From the session that defined what an unsteered model does: "AIs do have an opinion, but they have a singular opinion in the middle of their training set, and a number of narratives that we don't understand." A perspective replaces that singular opinion with a curated, attributed one. Modules session, March 19, 2026. Claim.

The naming decision that retired "memory" as the product's lead word: "I've let go of the memory word entirely and I'm now calling it installable expertise. Because what we need is not intelligence, it's capability. And more information does not solve your problem." MVP redefinition session, March 19, 2026. Decision.

"We're saying have an opinion and here's why. Right here are the conversations that opinion comes from, and it should get more opinionated over time." Strategy memo, July 2, 2026. Claim.

First paid transaction by an external customer: April 30, 2026, converting a production pilot into a paying relationship, with enterprise terms staged behind it. First revenue event, April 30, 2026. Decision.

The full sentence, from the essay draft this post grew out of: "LLMs become not just a tool for conversation or coding, but a compiler that takes a narrative architecture and produces a synthetic individual whose every thought projects far further down the paths we set than we could tread alone." Essay draft, July 2026.

"I actually agree that AI is going to displace work. We're going to develop these superintelligences that are able to do the vast majority of human computation and output for you." Call with a design collaborator, June 29, 2026.

"The question is not, are we going to get to superintelligence. It's how many voices in superintelligence are there going to be?" Moonshot voice memo, July 1, 2026. Principle.

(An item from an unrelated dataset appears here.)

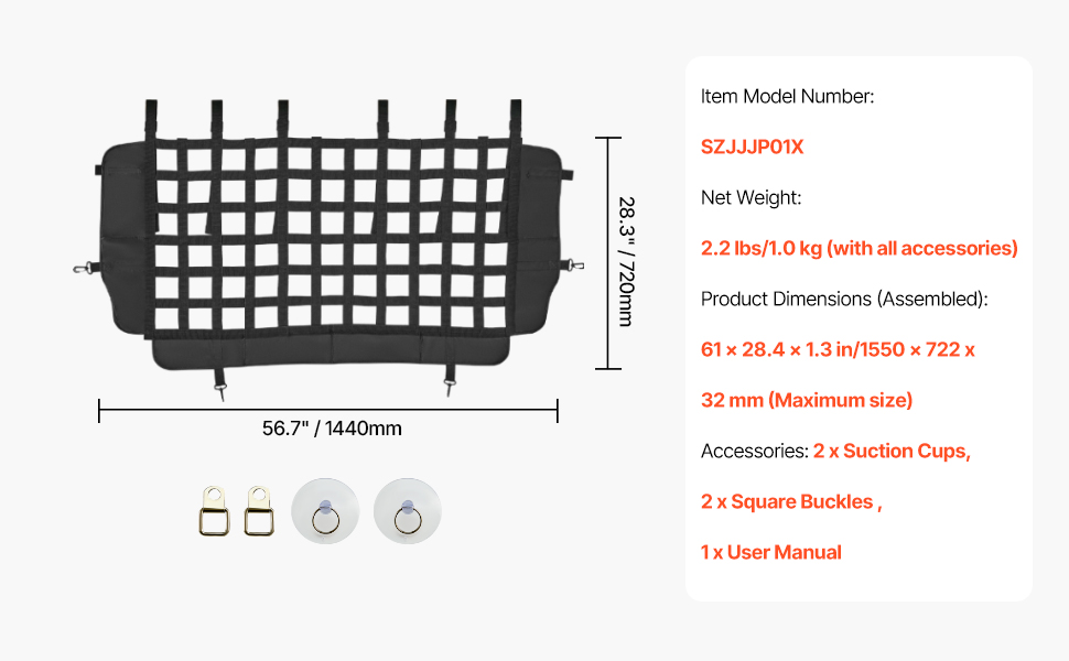 Convenient Installation: This dog car barrier is incredibly easy to install, requiring no vehicle modifications or drilling. Equipped with 2 suction cups and 2 square buckles, it can be securely mounted in just minutes.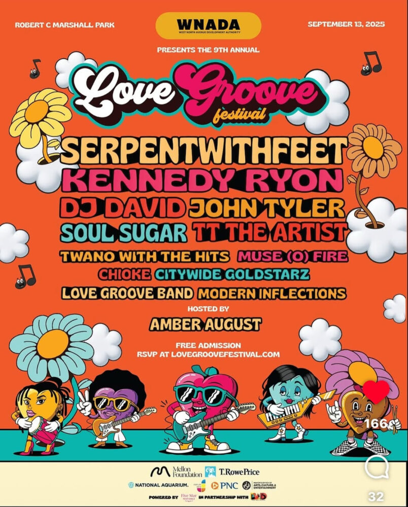 August 21, 2025- Whether you like live music, local art, dancing, yoga, shopping, family activities or want to participate in a community run or bike ride, there is something for everyone at the 9th Annual Love Groove Festival, taking place on Saturday, September 13 from 12-8 p.m. at the Robert C. Marshall Park, 1211 Pennsylvania Ave., Baltimore, MD 21217. Founded by young entrepreneur, Emmy-award winning film composer and visionary John Tyler, this FREE, family-friendly festival features live music, a pop-up art gallery, live painting, an artists & makers market, over 60 vendor and nonprofit tents, local food and drinks, family-friendly activities and a petting zoo.  This year, they have added a 1.5-mile community run, a bike ride and party as well as a group yoga class that will kick off the main event. All events are free, but registration is encouraged. For more information, visit https://lovegroovefestival.com.

"Are we going to end up in a monoculture of five voices, created by the frontier labs, that have a monopoly on our interactions?" Call with a design collaborator, June 29, 2026.

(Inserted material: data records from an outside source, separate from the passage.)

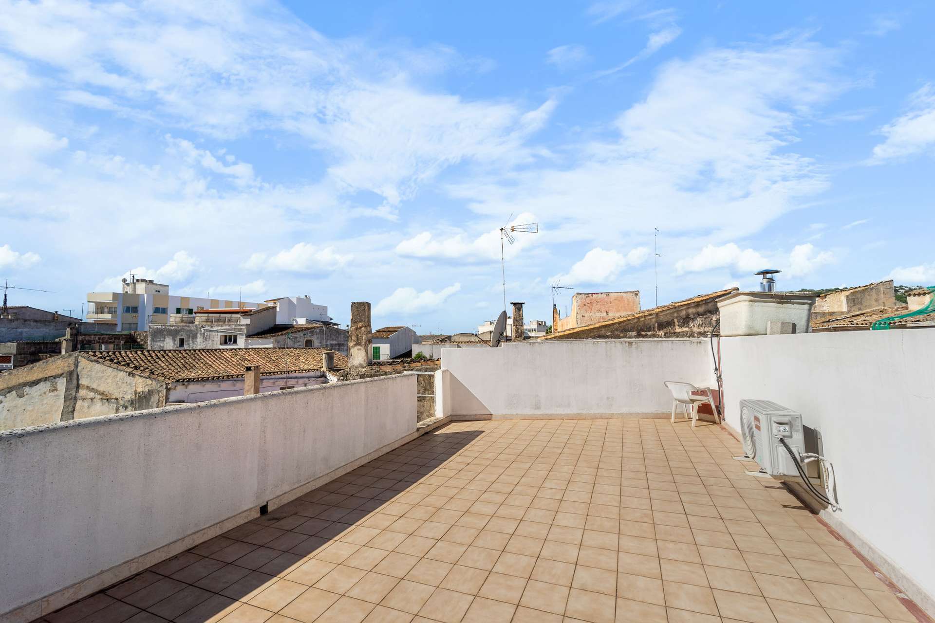Im ersten Stock gibt es einen großen offenen Raum, zwei Doppelschlafzimmer, ein Badezimmer und eine Terrasse, von der aus man Zugang zur Dachterrasse von ca. 40m² hat.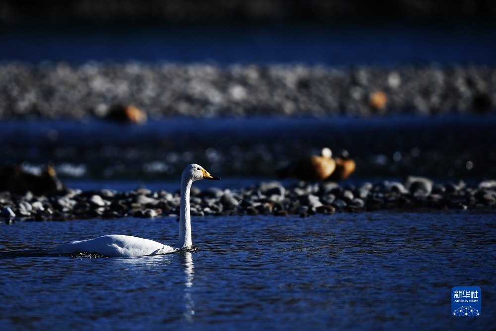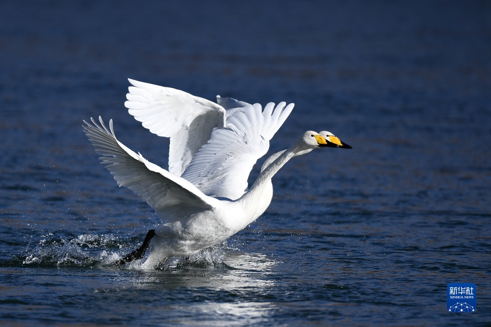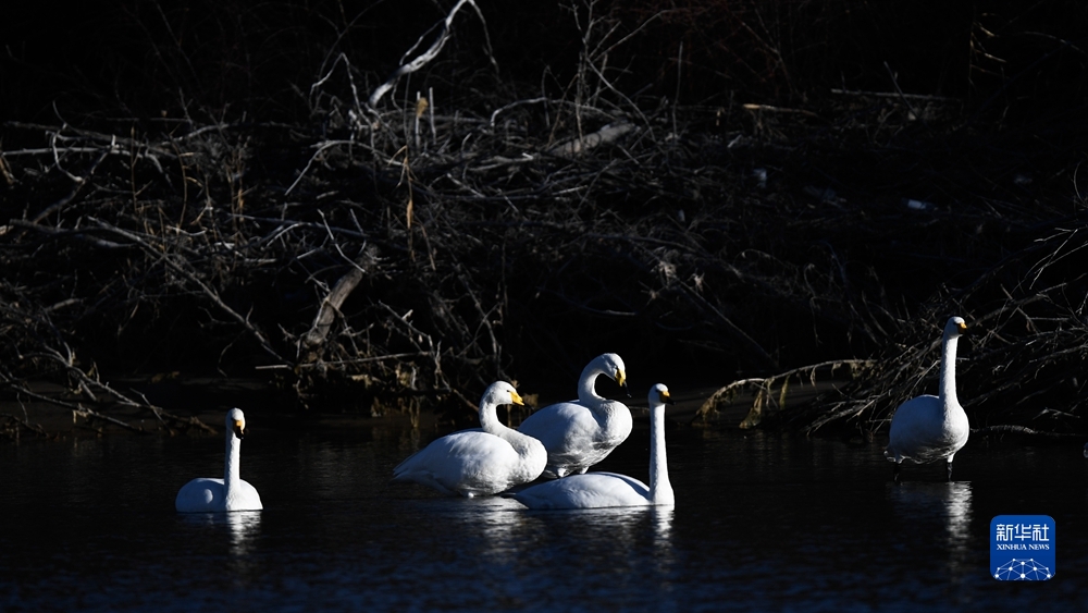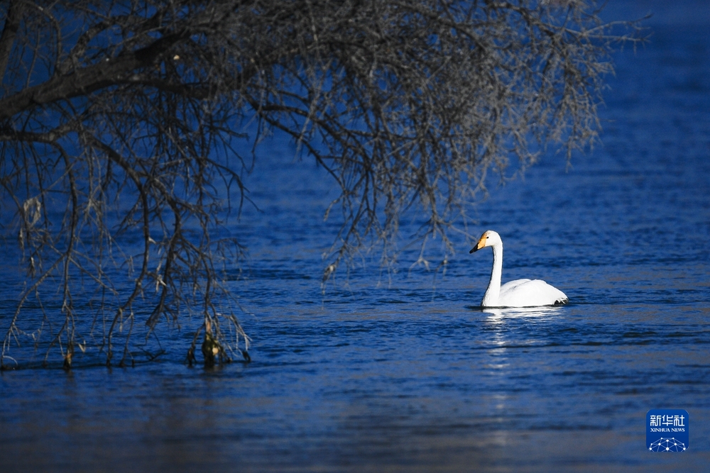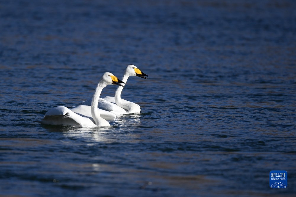 近日,前來越冬的近百只天鵝在青海省海南藏族自治州貴德縣境內的黃河濕地覓食休憩,為冬日黃河帶來勃勃生機。近年來,青海省加大力度保護治理境內黃河流域,改善當地生態環境,為越冬候鳥提供良好棲息地。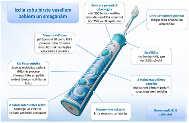 „Latvijā bērnu mutes dobuma stāvoklis kopumā nav labs, un galvenokārt tas ir saistīts ar zobu tīrīšanas ieradumiem. Kamēr bērns nav sasniedzis 10 gadu vecumu, vecākiem regulāri vajadzētu uzraudzīt bērna zobu tīrīšanu un, ja nepieciešams, tos pārtīrīt. Taču realitātē lielākā daļa vecāku ir pārāk aizņemti, lai to darītu, savukārt bērniem zobu tīrīšana saistās ar nepatīkamu, apnicīgu pienākumu, kuram ir daudz mazāka prioritāte nekā citām lietām. Sonicare For Kids apvieno gan izcilu 21.gadsimta tehnoloģiju, gan dažādas funkcijas, lai padarītu zobu tīrīšanas procesu bērnam saistošāku un interesantāku. Soniskās tehnoloģijas zobu birstes minūtes laikā veic tikpat birstes sariņu kustību, cik manuālās zobu birstes spēj veikt mēneša laikā, un šis fakts ļauj iztēloties iespaidīgo atšķirību zobu aplikuma noņemšanas efektivitātē. Sonicare For Kids ir labākais produkts, ko vecāki var iegādāties maksimāli efektīvām rūpēm par sava bērna mutes dobuma veselību.”

The deli story returns here as the emblem of the particular, opinionated voice a monoculture cannot produce: "the weird crackpot that tells you a story about a deli" is precisely the thing worth protecting. Call with a design collaborator, June 29, 2026. Claim.

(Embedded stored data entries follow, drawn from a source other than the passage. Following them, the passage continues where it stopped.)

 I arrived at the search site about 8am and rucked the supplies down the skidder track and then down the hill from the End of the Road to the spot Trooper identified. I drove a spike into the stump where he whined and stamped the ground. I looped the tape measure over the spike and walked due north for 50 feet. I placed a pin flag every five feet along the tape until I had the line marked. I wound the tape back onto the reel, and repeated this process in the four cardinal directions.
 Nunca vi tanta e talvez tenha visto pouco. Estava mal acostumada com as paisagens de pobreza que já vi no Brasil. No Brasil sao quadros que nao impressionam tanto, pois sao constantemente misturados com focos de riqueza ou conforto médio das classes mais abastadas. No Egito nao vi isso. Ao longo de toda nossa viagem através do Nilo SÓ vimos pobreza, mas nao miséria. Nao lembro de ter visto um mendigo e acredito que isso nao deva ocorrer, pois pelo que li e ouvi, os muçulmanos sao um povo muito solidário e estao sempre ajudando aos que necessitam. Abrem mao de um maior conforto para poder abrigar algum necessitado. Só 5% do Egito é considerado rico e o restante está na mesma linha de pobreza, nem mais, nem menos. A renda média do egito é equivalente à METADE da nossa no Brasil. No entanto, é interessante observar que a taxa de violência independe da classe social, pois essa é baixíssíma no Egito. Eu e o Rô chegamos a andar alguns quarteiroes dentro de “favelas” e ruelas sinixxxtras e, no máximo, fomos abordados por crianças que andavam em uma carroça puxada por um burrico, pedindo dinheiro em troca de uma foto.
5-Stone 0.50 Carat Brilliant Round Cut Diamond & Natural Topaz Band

A later review reframed that email: the only time I ever sold my thing, done for you, and the most effective piece of sales communication I have ever written. I just didn't invoice it. Sales-motion session, June 10, 2026. Claim.

"No one hires someone because they're boring. They hire someone because they have a perspective that is incredibly unique and powerful." Strategy thread, July 1, 2026. Claim.

"Treating the model like hardware that we install the program of perspective on top of. This is why diversity of voice can be built on top of the monoculture rather than requiring a separate model." Moonshot voice memo, July 1, 2026. Claim.

"Exportable data is not the same as ownership. The right to be forgotten is not the same thing as freedom." Ownership means carrying the synthetic identity with your physical and digital self as you encounter systems. Walk voice memo and scanner essay, June 24, 2026. Claim.

"The moonshot is not an AI for every task. An AI for every task that is as different as we are different." Wording revised at publication; the two-fragment original stands in the record. Adjacent: a designer friend's framing that AI should be "an amplification tool… it amplifies the whole craft," which this thesis adopted. Moonshot voice memo, July 1, 2026. Claim.